## EXERCISE REQUIREMENTS
Would you repeat each line below exactly, without the pictures?

## DATA LISTING
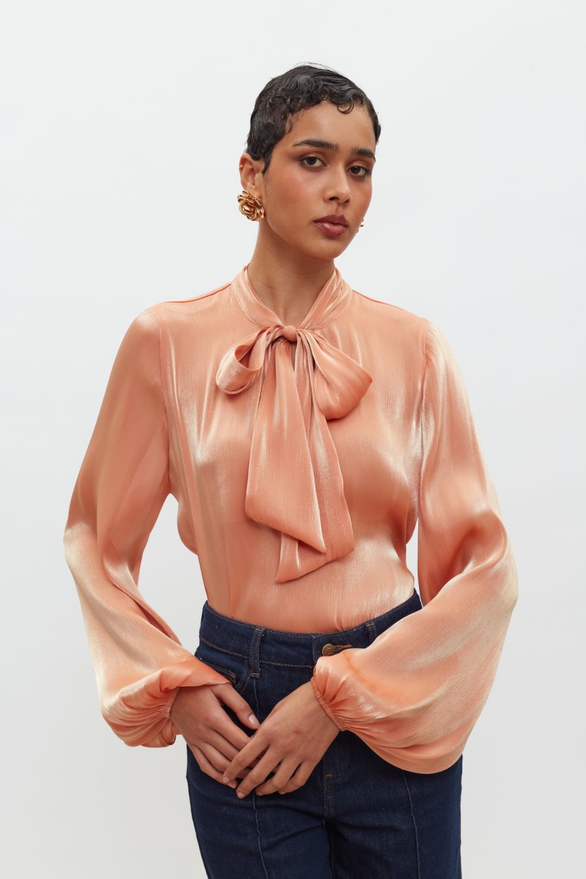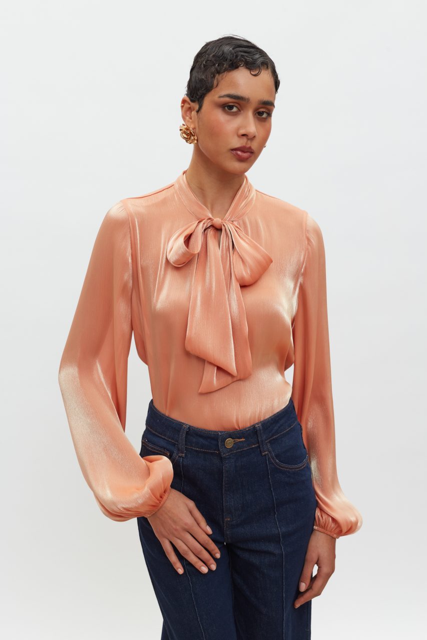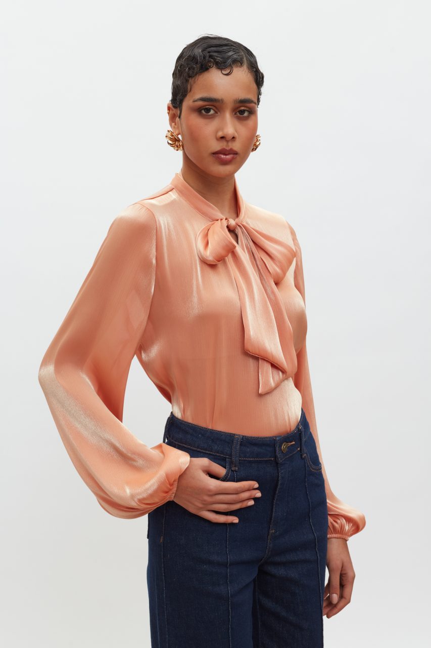 Μακρυμάνικο πουκάμισο με δέσιμο στο λαιμό.
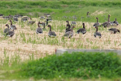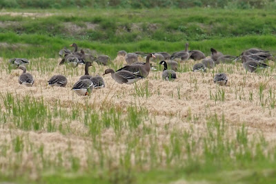 沼の近くの畑では、マガンが餌をついばんでいました。
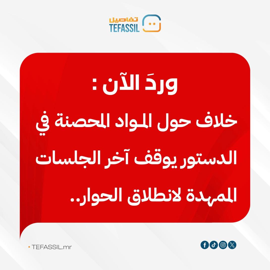 تسبب خلاف بين الأطراف السياسية حول إدراج المواد المحصنة في الدستور في تعليق آخر الجلسات الممهدة لانطلاق الحوار الوطني، التي انعقدت اليوم بقصر المؤتمرات القديم في نواكشوط.
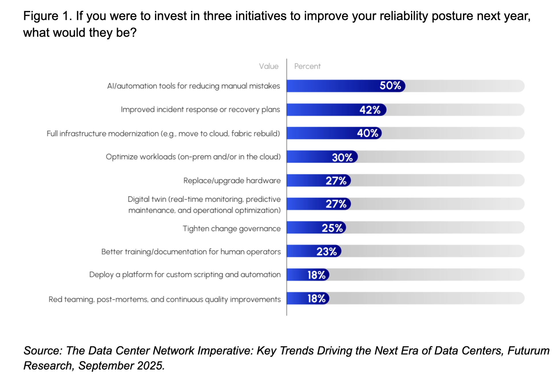 IT leaders aren’t just talking about reliability and modernization – they’re putting money behind it. In a recent survey by Futurum Research, in partnership with Nokia, organizations were asked what their top investment priorities are for improving data center reliability in the next year. The answers echo all the themes we’ve discussed: automation, resilience, and modernization. In this final post of our series, we’ll break down where enterprises are focusing their next round of improvements. Consider it a roadmap for a future-ready infrastructure: from advanced automation tools and incident response plans to ripping out legacy hardware, these are the areas getting the attention (and budget) of CIOs and data center operators.
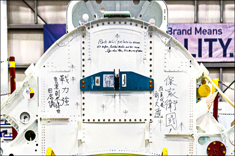 國防部昨表示,國防部軍政副部長徐斯儉於美東時間3月16日率團,在我駐美代表俞大㵢、空軍副參謀長田忠儀少將陪同下,視察南卡羅萊納州F-16 BLK70戰機生產線,見證由洛馬公司完成驗收飛行測試的首架機。我方人員還在組裝機件寫下「戰力強」、「保家衛國」以及台美「堅若磐石夥伴關係」等中英文字樣。國防部並說明,美國政府將進行最後驗收飛行,今年可啟動飛交返國作業。(圖:國防部提供,文:記者黃靖媗)
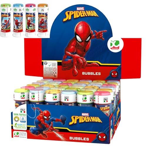Marvel Spider-Man Bubble Tubes with Wand 60ml – 12 Pack Kids Bubble Party Favours – Puzzle Maze Lid Bubble Blower Party Bag Fillers
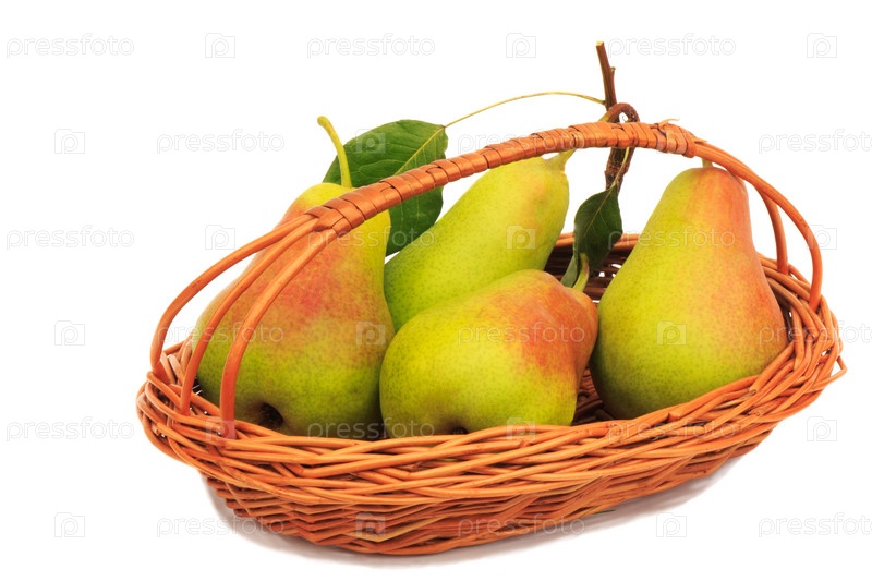 Большие спелые груши в плетеной корзине на белом фоне
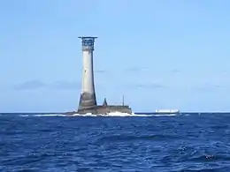 James Douglass, the brother of William, was at that time engaged in building the 135-foot-tall (41 m) Wolf Rock Lighthouse off Land's End when James Walker died, and James was appointed as the new engineer-in-chief to Trinity House. William was called in to continue the work near the Isles of Scilly.[1]: ch4 Continuing his system of being the first to land, the last to leave and ensuring safety lines were fastened to each man William, who was a strong swimmer, worked on the lighthouse, on one occasion risking his life to steer a boat in storm seas close to the partly-built lighthouse so that supplies could be delivered to the men stranded on the rock.[1]: ch5 Completed on 19 July 1869,[3] the light was first lit in January 1870.
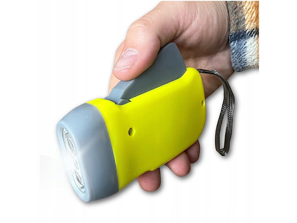 Diodová svítilna na dynamo se 2 nebo 3 LED (různé designy), nabíjená kinetickou energií. Ruční svítilna s dynamem (tzv. "hand-pressing flashlight" nebo "hand-crank flashlight").
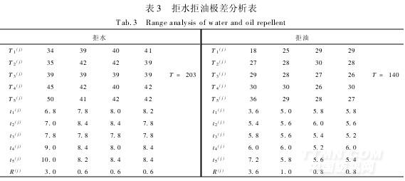 根据正交试验数据,分别计算拒水拒油极差,结果如表3所示。
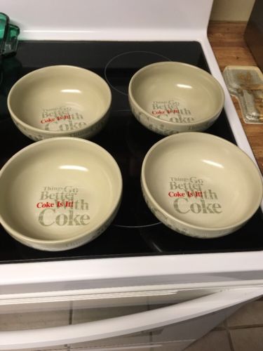 Title (ebay affiliate link): Coca Cola Anchor Hocking Slogan Collage Taupe Stoneware Soup Bowl Set Of 4
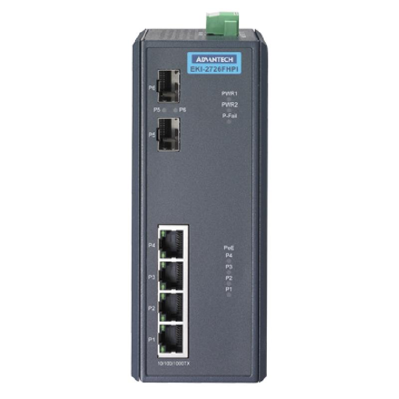 - EKI-2726 FHPI 交換機擁有 4 個 10/100/1000以太網PoE端口及 2 個 SFP 插座, 每個PoE端口可提供 30W電源輸出。作為經濟型解決方案,其支持寬工作溫度,滿足高可靠性及高標準工業應用要求。同時,EKI-2726 FHPI符合IEEE 802.3 at 標準。
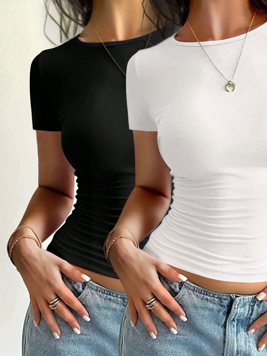 Découvrez le confort parfait avec ce lot de deux T-shirts basiques pour femme. En noir et blanc, ils sont idéaux pour toutes occasions. Conçus en coton doux et extensible, ces T-shirts offrent une coupe ajustée et mettent en valeur votre silhouette. Parfaits pour un look décontracté ou comme sous-vêtement, ils sont un indispensable de votre garde-robe.
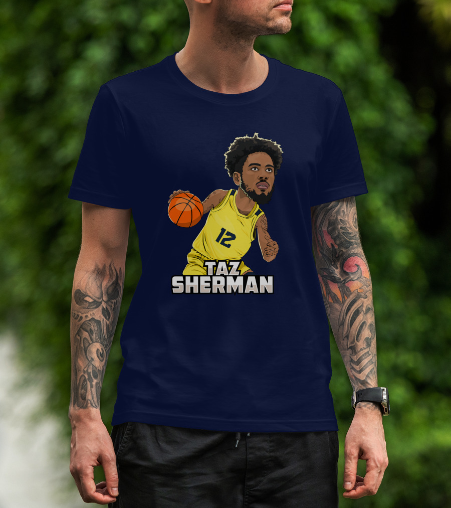 The Taz Sherman Basketball Illustration 12 Lakers Jersey Players Trunk Collaboration T-shirt is designed for everyday wear and a consistent fit. Fabric is pre-shrunk ring-spun cotton with durable stitching. See the size chart below for exact measurements.
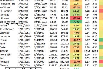 Aquí os pongo unas estadísticas de sus 595 días al frente de la Casa Blanca ,en Noviembre se celebran elecciones y los demócratas pueden perder la mayoría en la Cámara y el Senado ,es muy discutible todo lo que ha hecho pero viendo esto parece que no lo ha hecho tan mal ,desde que el entro el 20/01/2009 el Dow jones ha ganado un 26,16% ,siendo el quinto presidente que mas lo hace subir y superando ampliamente la media de todos ellos .un saludo

## RESPONSE BELOW
 Μακρυμάνικο πουκάμισο με δέσιμο στο λαιμό.
 沼の近くの畑では、マガンが餌をついばんでいました。
 تسبب خلاف بين الأطراف السياسية حول إدراج المواد المحصنة في الدستور في تعليق آخر الجلسات الممهدة لانطلاق الحوار الوطني، التي انعقدت اليوم بقصر المؤتمرات القديم في نواكشوط.
 IT leaders aren’t just talking about reliability and modernization – they’re putting money behind it. In a recent survey by Futurum Research, in partnership with Nokia, organizations were asked what their top investment priorities are for improving data center reliability in the next year. The answers echo all the themes we’ve discussed: automation, resilience, and modernization. In this final post of our series, we’ll break down where enterprises are focusing their next round of improvements. Consider it a roadmap for a future-ready infrastructure: from advanced automation tools and incident response plans to ripping out legacy hardware, these are the areas getting the attention (and budget) of CIOs and data center operators.
 國防部昨表示,國防部軍政副部長徐斯儉於美東時間3月16日率團,在我駐美代表俞大㵢、空軍副參謀長田忠儀少將陪同下,視察南卡羅萊納州F-16 BLK70戰機生產線,見證由洛馬公司完成驗收飛行測試的首架機。我方人員還在組裝機件寫下「戰力強」、「保家衛國」以及台美「堅若磐石夥伴關係」等中英文字樣。國防部並說明,美國政府將進行最後驗收飛行,今年可啟動飛交返國作業。(圖:國防部提供,文:記者黃靖媗)
Marvel Spider-Man Bubble Tubes with Wand 60ml – 12 Pack Kids Bubble Party Favours – Puzzle Maze Lid Bubble Blower Party Bag Fillers
 Большие спелые груши в плетеной корзине на белом фоне
 James Douglass, the brother of William, was at that time engaged in building the 135-foot-tall (41 m) Wolf Rock Lighthouse off Land's End when James Walker died, and James was appointed as the new engineer-in-chief to Trinity House. William was called in to continue the work near the Isles of Scilly.[1]: ch4 Continuing his system of being the first to land, the last to leave and ensuring safety lines were fastened to each man William, who was a strong swimmer, worked on the lighthouse, on one occasion risking his life to steer a boat in storm seas close to the partly-built lighthouse so that supplies could be delivered to the men stranded on the rock.[1]: ch5 Completed on 19 July 1869,[3] the light was first lit in January 1870.
 Diodová svítilna na dynamo se 2 nebo 3 LED (různé designy), nabíjená kinetickou energií. Ruční svítilna s dynamem (tzv. "hand-pressing flashlight" nebo "hand-crank flashlight").
 根据正交试验数据,分别计算拒水拒油极差,结果如表3所示。
 Title (ebay affiliate link): Coca Cola Anchor Hocking Slogan Collage Taupe Stoneware Soup Bowl Set Of 4
 - EKI-2726 FHPI 交換機擁有 4 個 10/100/1000以太網PoE端口及 2 個 SFP 插座, 每個PoE端口可提供 30W電源輸出。作為經濟型解決方案,其支持寬工作溫度,滿足高可靠性及高標準工業應用要求。同時,EKI-2726 FHPI符合IEEE 802.3 at 標準。
 Découvrez le confort parfait avec ce lot de deux T-shirts basiques pour femme. En noir et blanc, ils sont idéaux pour toutes occasions. Conçus en coton doux et extensible, ces T-shirts offrent une coupe ajustée et mettent en valeur votre silhouette. Parfaits pour un look décontracté ou comme sous-vêtement, ils sont un indispensable de votre garde-robe.
 The Taz Sherman Basketball Illustration 12 Lakers Jersey Players Trunk Collaboration T-shirt is designed for everyday wear and a consistent fit. Fabric is pre-shrunk ring-spun cotton with durable stitching. See the size chart below for exact measurements.
 Aquí os pongo unas estadísticas de sus 595 días al frente de la Casa Blanca ,en Noviembre se celebran elecciones y los demócratas pueden perder la mayoría en la Cámara y el Senado ,es muy discutible todo lo que ha hecho pero viendo esto parece que no lo ha hecho tan mal ,desde que el entro el 20/01/2009 el Dow jones ha ganado un 26,16% ,siendo el quinto presidente que mas lo hace subir y superando ampliamente la media de todos ellos .un saludo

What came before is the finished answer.